**Work task**
Output all of the data exactly, keeping any images out of the copy.

**Input data**
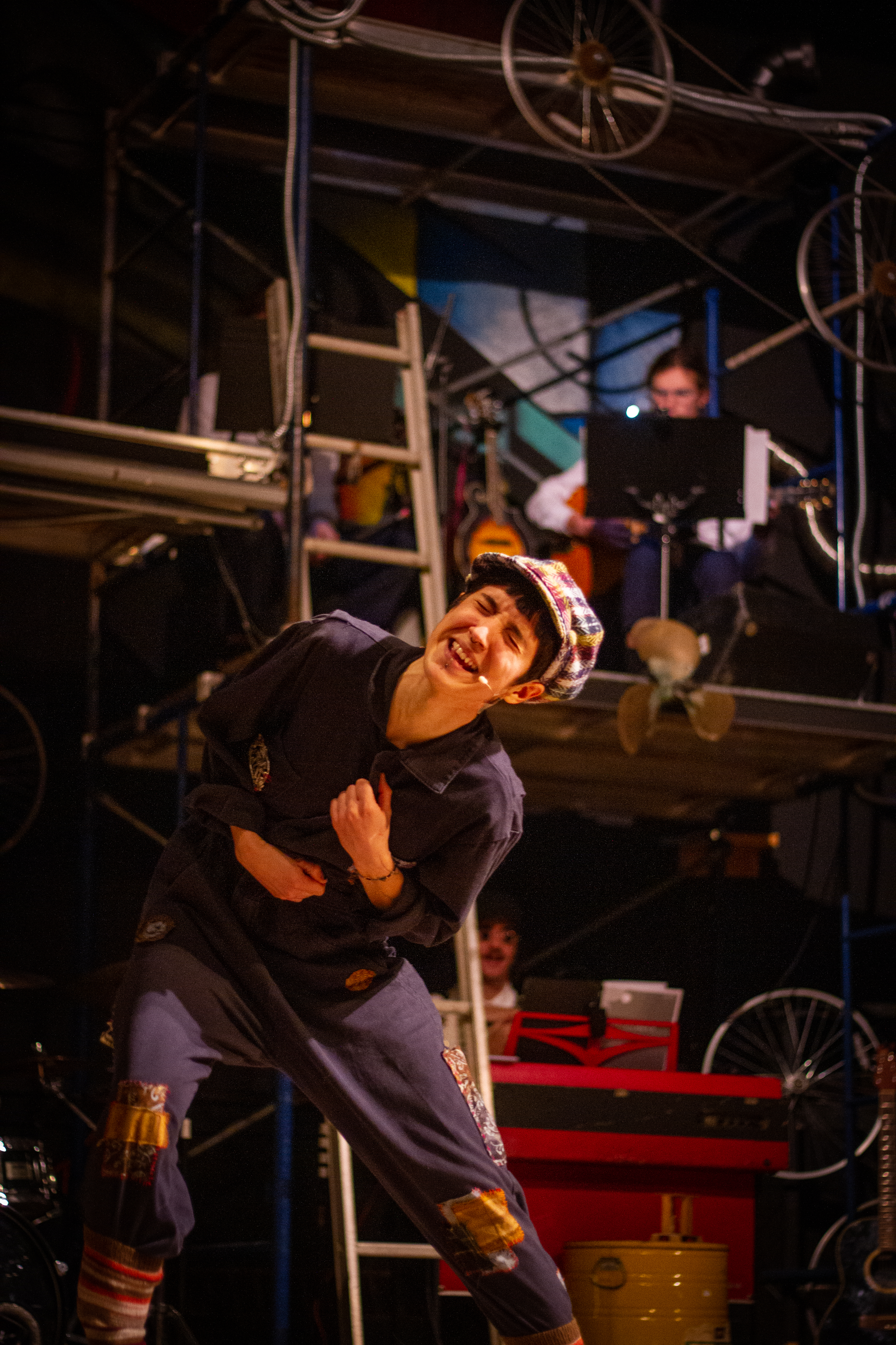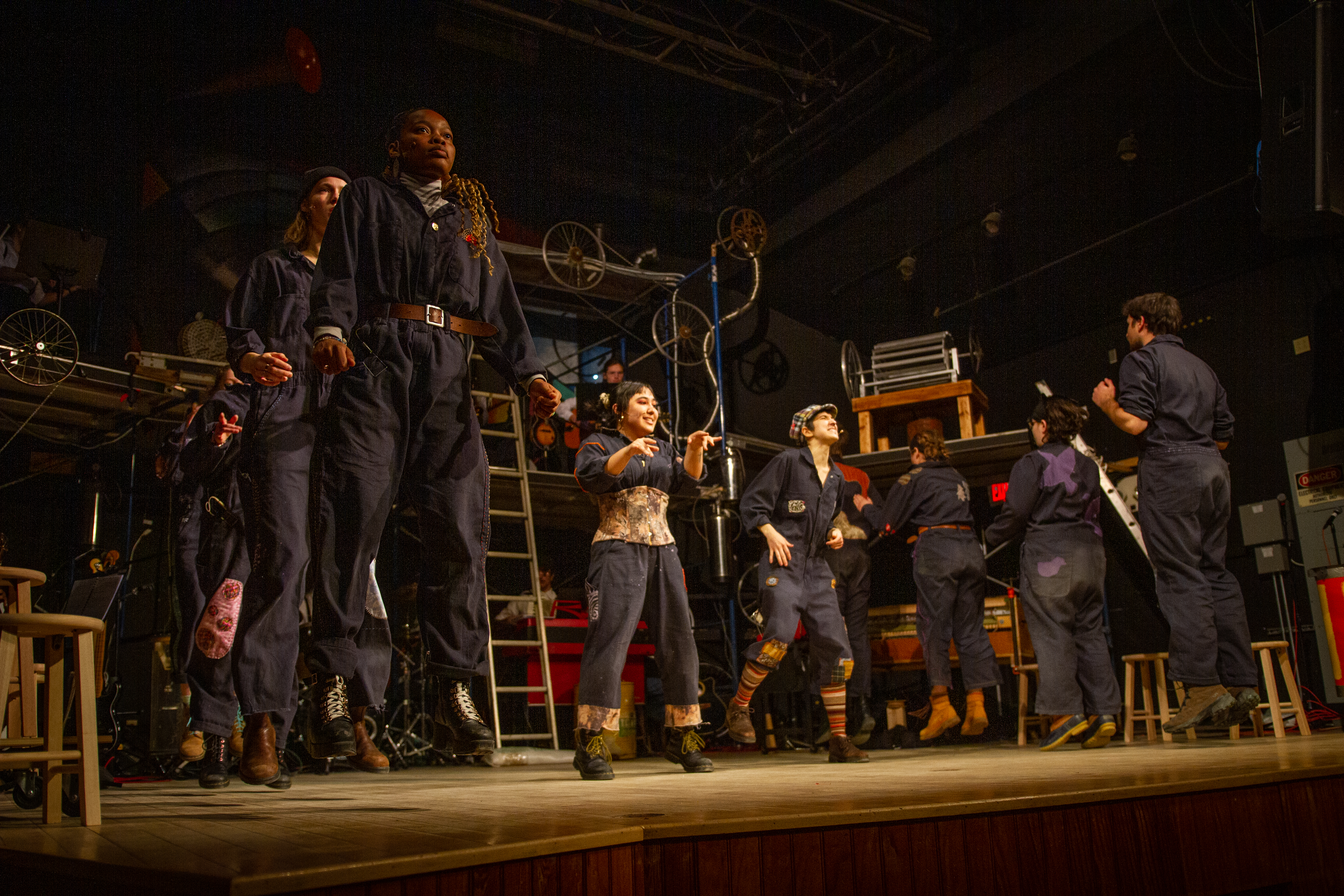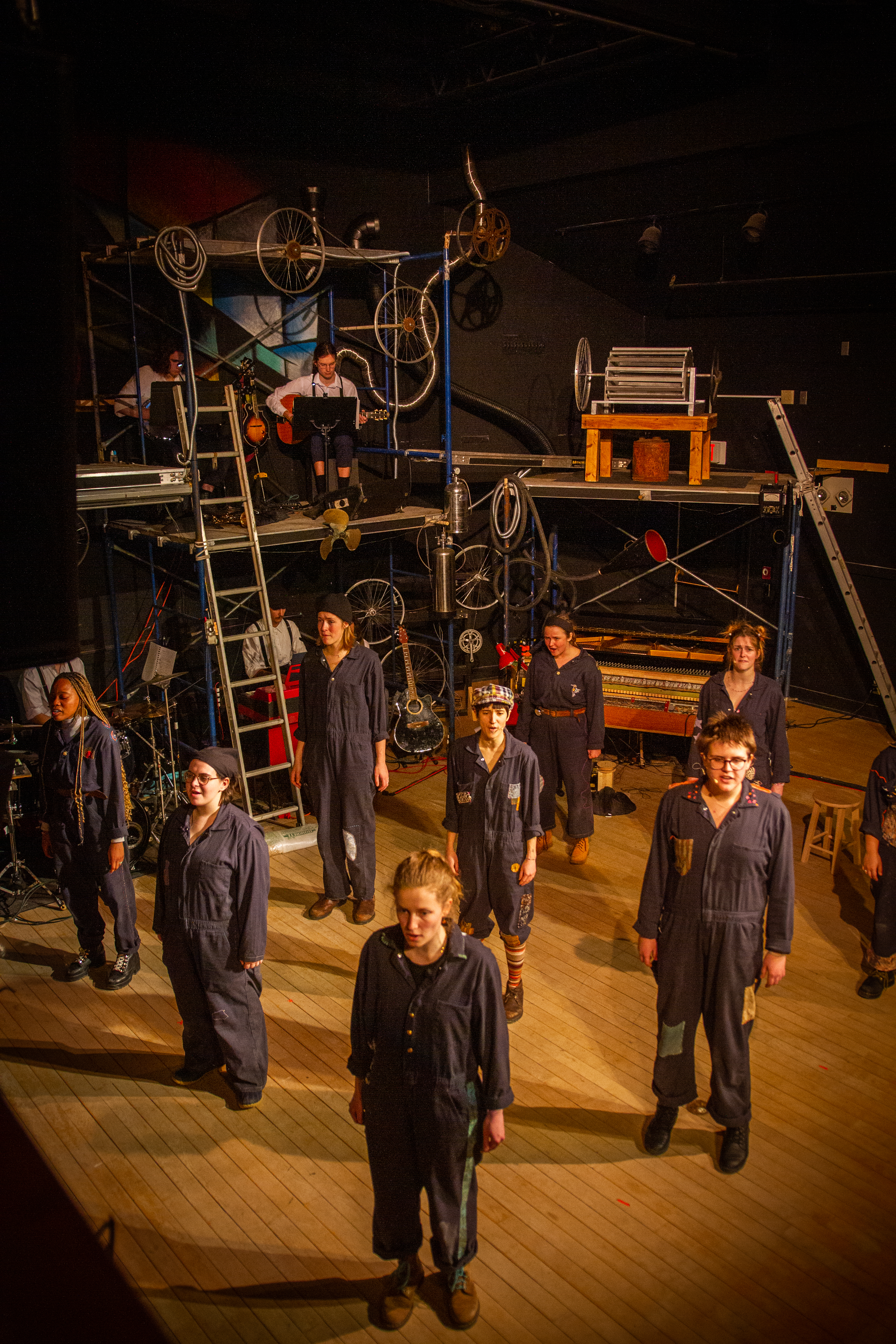 “Figures march around the stage, performing a scene from the musical they’ve spent eight weeks preparing for. Tall scaffolding scattered around the stage is adorned with pieces of bicycles, horns, ladders, boxes, chains, and empty silver cylindrical tanks that look like the ones deep sea divers wear. The actors pause, ushering silence into the room; a solitary bell rings through the dimly lit auditorium, a mallet on the wall strikes a xylophone that is suspended from the balcony, and a bass drum begins to thunder rhythmically in the corner. The air is filled with a cacophony of noise, emanating from machines of all shapes and sizes. The organist plays a chord, and in the blink of an eye the room rockets to life.
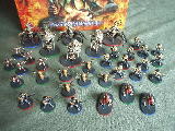 A Guide to speed painting! These particular figures are from the excellent DOOM boardgame but there is no reason why the same techniques can't work with any miniatures, enjoy! Click here to see the Descent figures!!! Click here to see Forbidden Forest figures!!! Click here to see Well of Darkness figures!!! Click here to see Altar of Despair figures!!! Click here to see Tomb of Ice figures!!! Click here for a quick guide to creating fancy figure bases!!! Speedpainting Xtreme, Skeleton Dragon in 1 1/2 hours!!! Bear in mind that a total of only 14 colours were used too! Back to other figures page for lots more funky stuff! Bronzed flesh, Bleached bone, gunbolt metal, mithril silver, snake bite leather (demons), sulphur yellow, Space Wolf Grey, Rotting flesh, white, black, red, flesh wash, black ink. That's 14 pots for the WHOLE lot! |
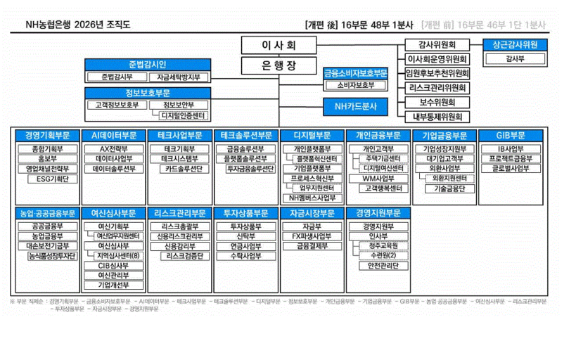 - NH농협은행, 2026년 1월 조직개편 단행…AI 전환·생산적 금융·종합금융 체계 강화

**Worked solution**
 “Figures march around the stage, performing a scene from the musical they’ve spent eight weeks preparing for. Tall scaffolding scattered around the stage is adorned with pieces of bicycles, horns, ladders, boxes, chains, and empty silver cylindrical tanks that look like the ones deep sea divers wear. The actors pause, ushering silence into the room; a solitary bell rings through the dimly lit auditorium, a mallet on the wall strikes a xylophone that is suspended from the balcony, and a bass drum begins to thunder rhythmically in the corner. The air is filled with a cacophony of noise, emanating from machines of all shapes and sizes. The organist plays a chord, and in the blink of an eye the room rockets to life.
 A Guide to speed painting! These particular figures are from the excellent DOOM boardgame but there is no reason why the same techniques can't work with any miniatures, enjoy! Click here to see the Descent figures!!! Click here to see Forbidden Forest figures!!! Click here to see Well of Darkness figures!!! Click here to see Altar of Despair figures!!! Click here to see Tomb of Ice figures!!! Click here for a quick guide to creating fancy figure bases!!! Speedpainting Xtreme, Skeleton Dragon in 1 1/2 hours!!! Bear in mind that a total of only 14 colours were used too! Back to other figures page for lots more funky stuff! Bronzed flesh, Bleached bone, gunbolt metal, mithril silver, snake bite leather (demons), sulphur yellow, Space Wolf Grey, Rotting flesh, white, black, red, flesh wash, black ink. That's 14 pots for the WHOLE lot! |
 - NH농협은행, 2026년 1월 조직개편 단행…AI 전환·생산적 금융·종합금융 체계 강화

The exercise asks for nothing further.